Today,
when I was getting water from the dispenser on the fridge, it made me think
about something: Myasthenia Gravis. At first, that might seem quite odd, but
what I thought was the ice maker in this fridge is the perfect analogy to
describe what it’s like to have MG.
If you have an ice maker in your
fridge/freezer, you know that as long as it is working right, you will have
plenty of ice to use how you please. On a hot summer day, you keep refilling
that glass of ice water. No big deal.
But
what if the ice maker breaks? What if something is preventing that ice from
being dispensed to you? What if you can’t choose how much ice you get? What if
you never know how much you will have or how long it will last you? All you
know is that the ice maker is broken and thus you have to conserve the ice you have
to last you through that hot summer day. When you are in the heat, that ice
melts faster. You have to pick and choose how to use it because when it’s gone,
you may not get anymore until tomorrow, or maybe even the day after that.
That broken ice maker is like the
auto-immune attack on our neuro muscular junction. The ice is like the acetylcholine
going from our nerve to our muscle to make the muscle work.

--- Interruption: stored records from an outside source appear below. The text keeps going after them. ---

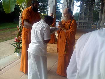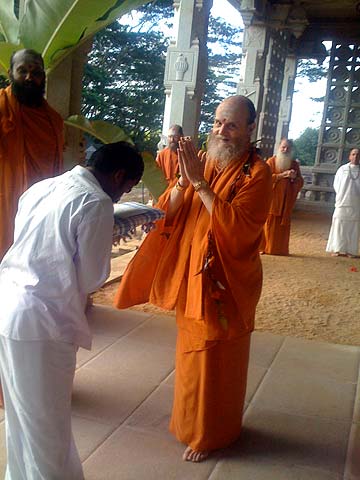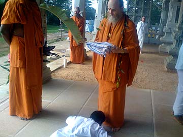 Bodhinatha breaks a coconut and walks through.
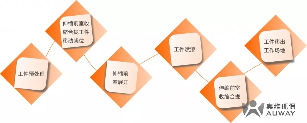 移動式噴漆伸縮房是配合除塵設(shè)備和廢氣處理設(shè)備使用的一種大型環(huán)保設(shè)備。主要用于體積大、重量重的工件的噴漆和打磨。伸縮房收攏時,將產(chǎn)品用行車移動至伸縮房伸縮范圍的適當(dāng)位置,開走行車,將伸縮房伸展開來,在伸縮房內(nèi)進行噴漆作業(yè)。作業(yè)完成后,收攏伸縮房,將噴漆后的產(chǎn)品使用行車挪走。伸縮房的使用,使工作場地的使用更科學(xué)合理。
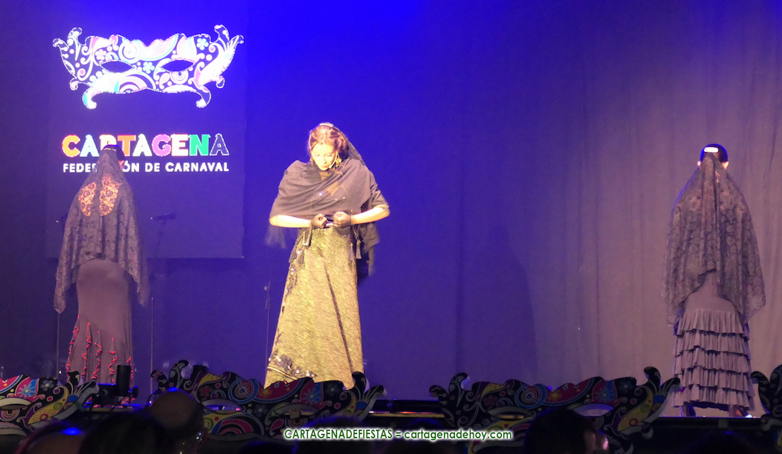 Aunque habían hecho fugaces apariciones con otras indumentarias en diferentes lugares el pabellón, una saeta flamenca con doña Cuaresma abrió la presentación oficial de ambos en la gala de elección de reina. Dejaba claro el sentir de la defensora del comportamiento más serio y religioso.
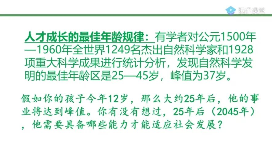 在“关注生涯规划,培养孩子面向未来的关键能力”专题中,陈老师引用了两本著名的家庭教育书籍《人生设计在童年》和《全新思维:决胜未来等6大能力》中提到的经典理论,向家长们介绍了对未来发展产生积极影响的几项能力,比如:
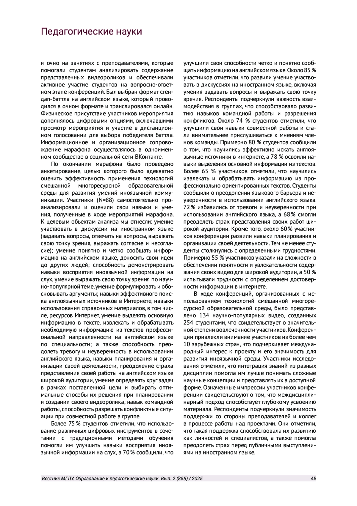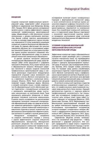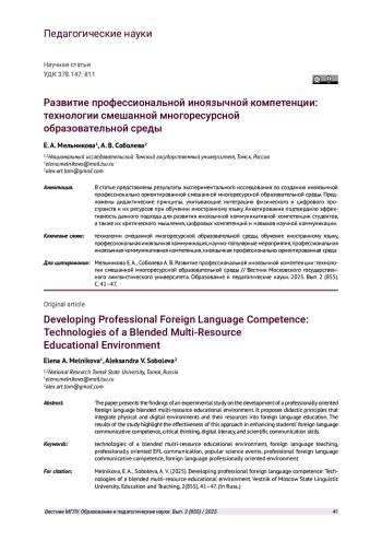 В статье представлены результаты экспериментального исследования по созданию иноязычной профессионально ориентированной смешанной многоресурсной образовательной среды. Предложены дидактические принципы, учитывающие интеграцию физического и цифрового пространств и их ресурсов при обучении иностранному языку. Анкетирование подтвердило эффективность данного подхода для развития иноязычной коммуникативной компетенции студентов, а также их критического мышления, цифровых компетенций и навыков научной коммуникации.
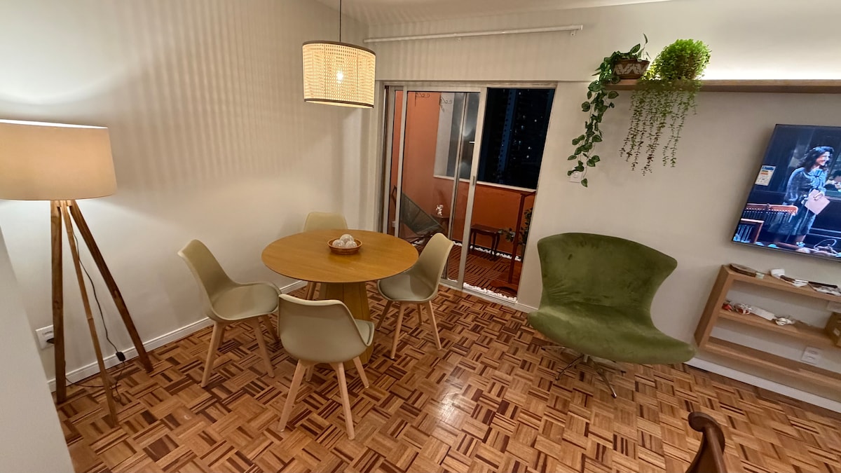 Curta uma experiência elegante neste lugar bem-localizado. Conforto e bem estar é o de melhor que você irá encontrar, além de uma impecável decoração! Tudo de melhor que uma excelente estadia poderá lhe oferecer! Com itens indispensáveis de cozinha, cama, mesa e banho. Entretenimento: 02 Smart Tv's, wi-fi, Tv a cabo, Saundbar, frigobar, purificador de água, forno elétrico, micro-ondas, air fryer, etc... Obs: Só não está incluído na hospedagem energia elétrica, q será por conta do hóspede, o Kwh
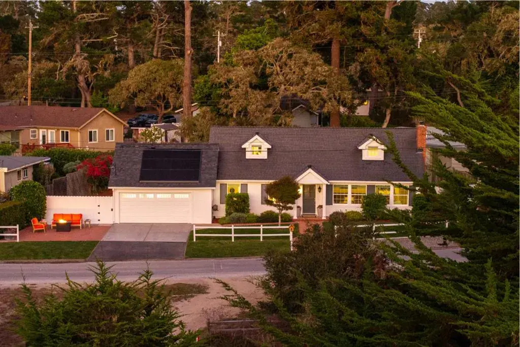 Ideally located across from the 8th hole of Monterey Peninsula Country Club, this timeless Cape Cod-style home offers coastal elegance and relaxed Pebble Beach living. The fully fenced, beautifully landscaped yard surrounds a 4-bed, 2.5-bath home designed for privacy, comfort, and indoor-outdoor living just moments from the beach. The main level features a spacious primary suite, guest bedroom, full bath, living room with fireplace, formal dining, and a light-filled kitchen. Upstairs offers two bedrooms, a flexible office/den, and half bath. Three outdoor sitting areas are perfect for morning coffee, evening cocktails, or entertaining. Tesla solar panels and Powerwall battery provide energy efficiency and backup power. Enjoy access to beaches, hiking trails, world-class golf, top restaurants, and Pacific Grove schools. A rare opportunity to own a classic coastal retreat in one of Pebble Beachs most coveted locations.
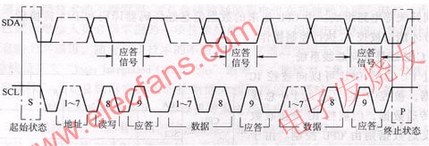 数据线上传输的控制信号,均按图3所示的内容和顺序先后传输:起始状态信号、被控电路地址、读写方式(数据传输方向位)、应答信号、数据信号、应答信号、数据信号、应答信号、终止状态信号。
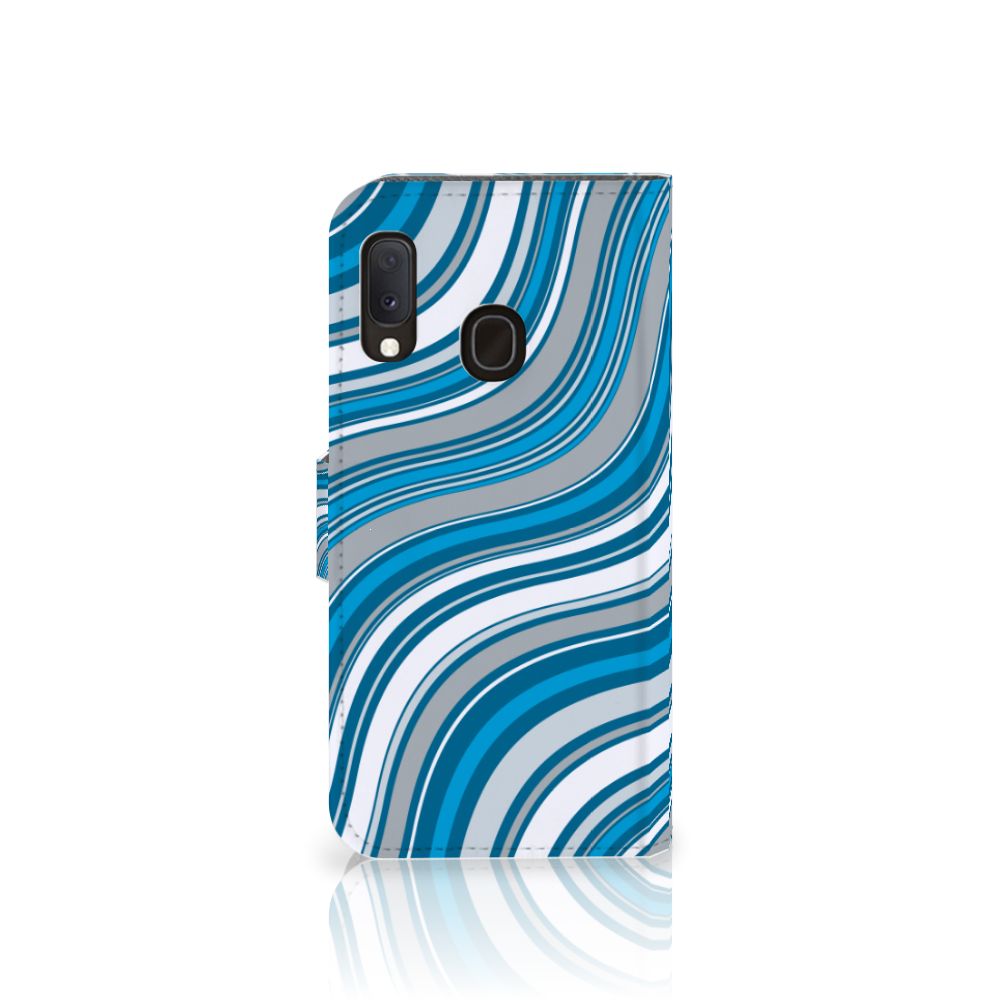 Zeer cool, dit hoesje met vooral blauwe kleuren, die in een golvende beweging jouw telefoon van een mooie uitstraling voorzien. Tijdens een zonnige vakantie aan zee is jouw smartphone perfect beschermd met dit telefoonhoesje. Het design Waves Blue van dit smartphone hoesje doet lichtjes denken aan een lolly, waarmee je een klein kind zeer blij maakt. Jouw Samsung Galaxy A20e zal er ook zeer vrolijk uitzien samen met dit design hoesje. De witte en grijze kleuren staan in mooi contrast met het blauw, waardoor de uitstraling van deze accessoire zeer mooi is. Ook voor andere kleuren kun je natuurlijk uitstekend terecht in ons assortiment. Het design staat op een boekhoesje. Dit Telefoon Hoesje beschermt jouw telefoon aan alle zijden en beschikt over verschillende opbergvakjes voor pasjes en briefgeld. De case sluit perfect af met het lipje aan de buitenkant. De houder aan de binnenzijde is van TPU.

Some days we will
have enough ice, other days we won’t. We don’t know exactly how much ice we
will get, so we have to conserve what we have. We have to pick and choose what to
use our ice for and designate only a certain amount to each glass. We have to
be careful not to let it run out.
What does that mean in the literal
sense? We have to plan our days and choose which if any activities we will
participate in. Each activity including cooking, driving or merely talking on
the phone all take a certain amount of ice. We have to decide what is most
important and only do those things, even if we are still functioning ok or
“look fine.” We must rest both before and after any activity to prevent a trip
to the hospital. We must avoid the heat.
Now every time I refill my water
bottle and dispense that ice, I will probably think of MG, and I hope you do
too. I hope it serves a reminder of the need to conserve our use of muscle for
the most important things in life. When our ice runs out is when we can have a
crisis with the need for a ventilator, plasmapheresis or worse. This is why those of us who have MG so
strongly desire awareness and ultimately the hope for a cure, someone to fix
our broken ice maker even though it looks “just fine.”